Assignment:
Restate exactly the lines below, from the one containing "Featuring a sage" through the final line, and leave out the pictures.

Data supplied:
/---

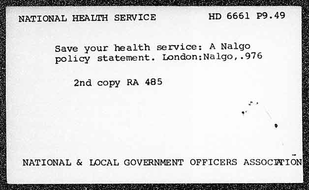 NATIONAL HEALTH SERVICE HD 6661 P9.49 Save your health service: A Nalgo policy statement. London: Naigo, .976 2nd copy RA 485 NATIONAL & LOCAL GOVERNMENT OFFICERS ASSOC IONE
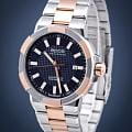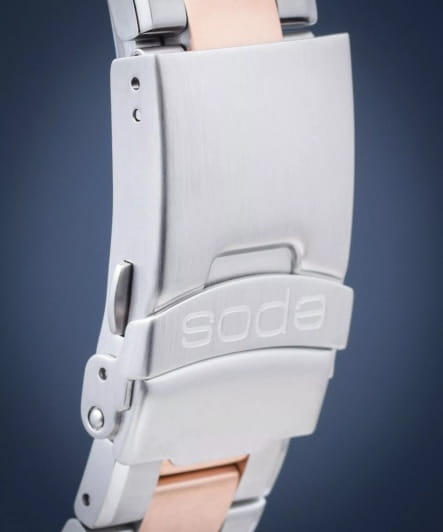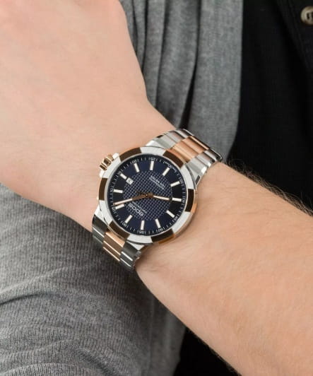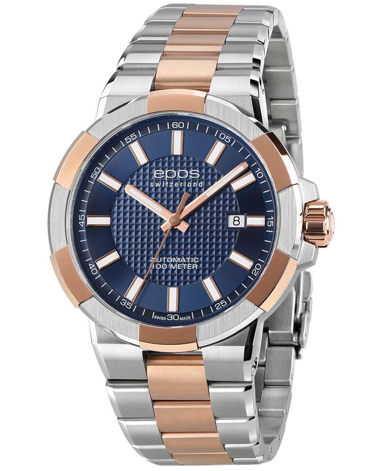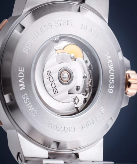 Мужские механические часы с автоподзаводом Epos из коллекции Sportive — это стильный аксессуар с швейцарским качеством и современным дизайном. Корпус диаметром 43,8 мм и толщиной 11 мм выполнен из нержавеющей стали 316L с PVD-покрытиемPVDУльтратонкое покрытие наносится в технике вакуумного напыления, сочетает в себе нитрид титана особой прочности со слоем золота или оксида хрома. Несёт в себе декоративную или защитную функцию.. Циферблат синего цвета оформлен метками и стрелками с люминесцентным покрытиемЛюминесцентное покрытиеПозволяет считывать показания времени в темноте. Производители наносят на стрелки, часовые индексы, безель или поверхность циферблата светонакопительный состав, дающий холодное свечение., обеспечивающим хорошую читаемость в темноте. Циферблат защищён сапфировым стекломСапфировое стеклоПрочный и надёжный материал из кристалла сапфира синтетического происхождения, характеризующийся особой твёрдостью и устойчивостью к царапинам и повреждениям.. Механизм — швейцарский калибр ETA 2824 с запасом хода 38 часов. Окошко даты расположено в положении 3 часов. Прозрачная задняя крышка позволяет наблюдать за работой декорированного механизма. Часы оснащены стальным браслетом комбинированного цвета на раскладной застёжкеРаскладная застёжкаТакой тип застёжки используется только на браслетах из металла. Она никогда не раскрывается полностью, происходит разделение на 2 и более частей. Раскладывающая застёжка снизит вероятность потери часов к минимуму.. Водонепроницаемость 100 м позволяет использовать часы для плавания и повседневного ношения. Гарантия — 24 месяца. Универсальный выбор для ценителя механики и элегантного стиля.
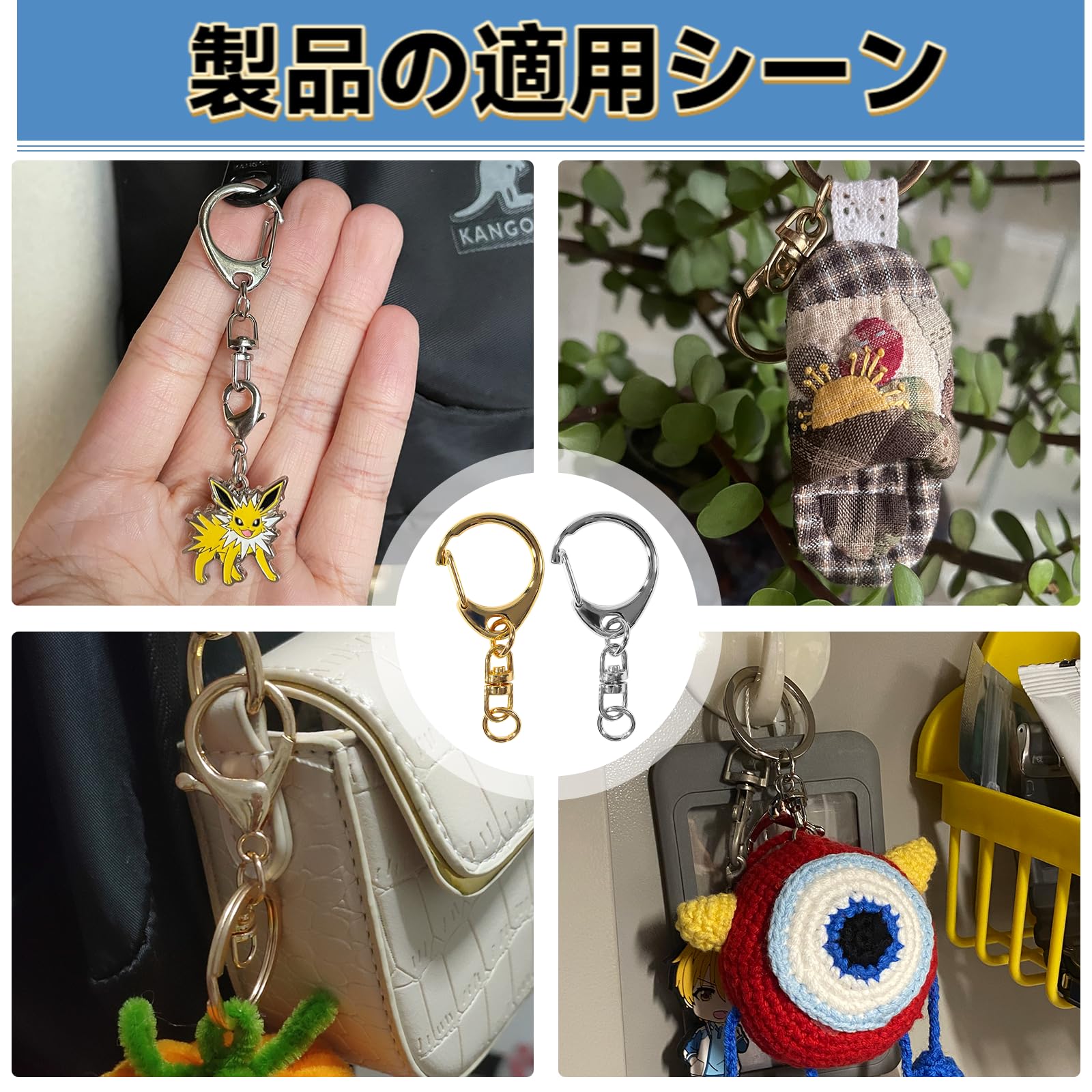 MAEXUS キーホルダー金具 50個入りキーホルダーパーツ キーホルダー 御洒落 手作りキーホルダー ワンタッチキーホルダー金具DIYキット、キーホルダー金具回転カン付きで自分だけのアクセサリーを作ろう(シルバー)
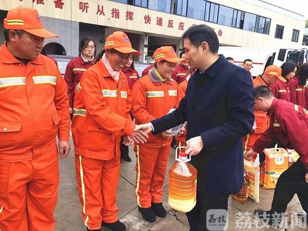 “大年三十是万家团圆的日子,但你们为了城市的干净整洁,选择坚守岗位,非常感谢你们……”昨天一大早,南京市城管局局长金安凡带队来到秦淮区双桥门中转站、市环卫应急中心等,给在岗的环卫工人们递上慰问品,送上新年祝福。据悉,为保障春节长假期间城市卫生,我市近1.3万名环卫工人坚守岗位。
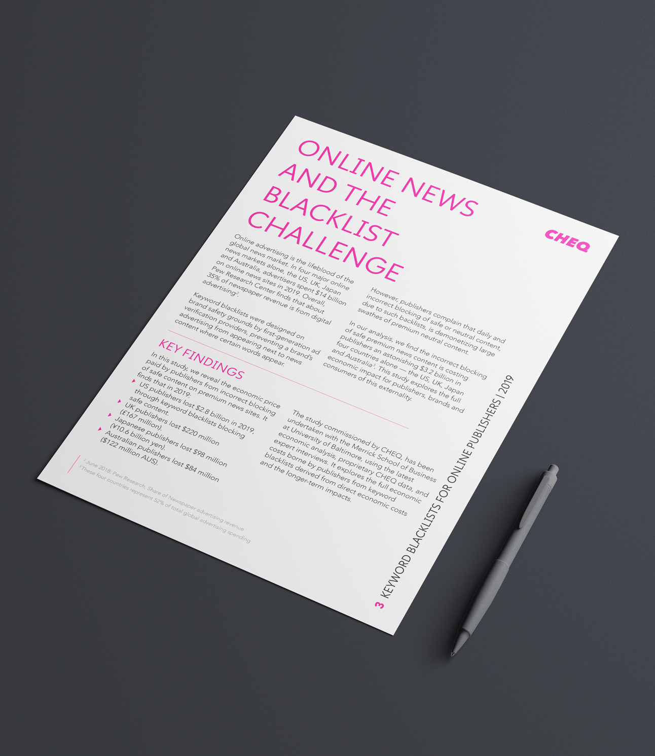 In this study, we combine research by Professor Roberto Cavazos at the Merrick School of Business at the University of Baltimore, with our own unique data, to create the most in-depth picture revealing the economic cost of brand safety blacklists for online publishers. For the first time, unprecedented economic research, analyzes the revenue losses suffered by online news sites in four major online news markets: the United States, The UK, Japan and Australia.
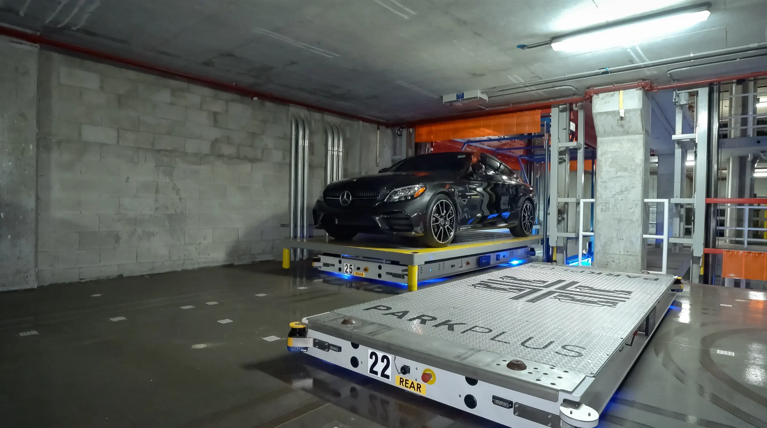 All movement is coordinated by the ParkPlus Maestro traffic management platform, using vision systems, embedded floor markers, and lasers to manage storage, retrieval, and all robot sequencing across 411 spaces simultaneously.
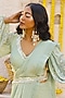 Featuring a sage green pre-draped saree in georgette base. It is paired with a blouse having embroidered balloon sleeves and a belt. Accentuate it with statement jewellery and heels for weddings or festive occasions.
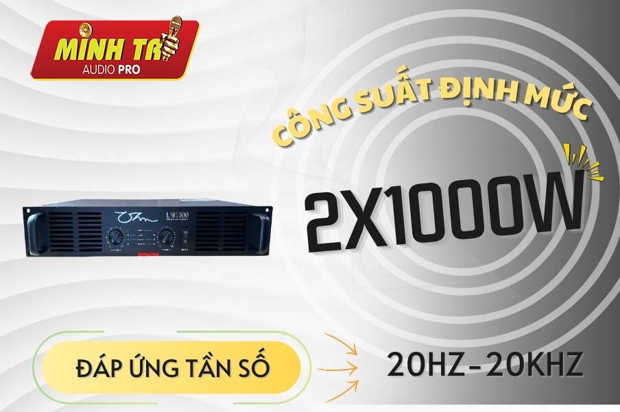 - 2 x 1000W mỗi kênh ở mức trở kháng 8Ω (stereo – hai kênh độc lập)
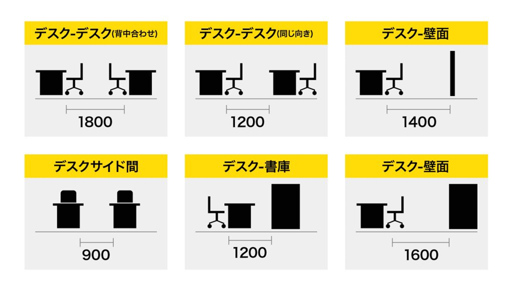 デスク同士の間隔、壁や書庫との距離などそれぞれの位置関係において推奨される通路幅を維持することで、安全で快適な移動が可能になります。スペースの確保が困難な場合は不要物の廃棄やペーパーレス化の促進、あるいは什器の小型化によって有効面積を広げる対策を検討します。

\---

Answer to this problem:
 Featuring a sage green pre-draped saree in georgette base. It is paired with a blouse having embroidered balloon sleeves and a belt. Accentuate it with statement jewellery and heels for weddings or festive occasions.
 - 2 x 1000W mỗi kênh ở mức trở kháng 8Ω (stereo – hai kênh độc lập)
 デスク同士の間隔、壁や書庫との距離などそれぞれの位置関係において推奨される通路幅を維持することで、安全で快適な移動が可能になります。スペースの確保が困難な場合は不要物の廃棄やペーパーレス化の促進、あるいは什器の小型化によって有効面積を広げる対策を検討します。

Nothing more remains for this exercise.